5. HIV life cycle and epidemic
 The HIV epidemic started from 1981 when the first reports of homosexual men
having T-lymphocyte dysfunction. The first retrovirus was isolated at in Paris in 1983
and then another strain of it in west Africa in 1986.
 This continued to spread and by 1996 more than 28 million infected, 5.8 m had AIDS
(75% had died).
 >95% of AIDS is in developing countries
 There is no vaccine, no cure once infected,
without drugs death is the outcome.
 About 14,000 new HIV infections each day;
10 people infected each minute
 2,000 are in children under 15 years of age
 About 12,000 are in persons aged 15 to 49
years:
 50% are women
 50% are 15–24 year olds
 8,200 AIDS-related deaths each day; 6 deaths per minute
 Aids is a retrovirus, of subgroup lentivirus: ssRNA +ve, diploid.

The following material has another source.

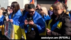 Հայաստանում Ուկրաինայի դեսպանատան առջև ուկրաինացիներն իրենց հիմն են երգում` «դադարեցրեք պատերազմը», «ո՛չ պատերազմին» պաստառները պարզած:

 It is more complex than other retroviruses as it has extra regulatory genes.
 Transmission: sexual, intravenous drug abuse, mother to baby, contaminated blood
products
 The virus binds cells expressing CD4(T-helper cells) and a co-receptor CCR5
(macrophage tropic strains) or CXCR4 (T-cell tropic strains).
 There is however a polymorphism, which, if homozygous gives immunity to the host.
This is in the CCR-5 gene.
 When you are infected, there is a minor loss of CD4 cells, but then these return to
normal.
 There is then a long dormant asymptomatic period of up to 15 years, after which the
virus load increases and the numbers of CD4 and CTL (cytotoxic T-lymphocytes)
decline. Oppurtunistic infections then cause death.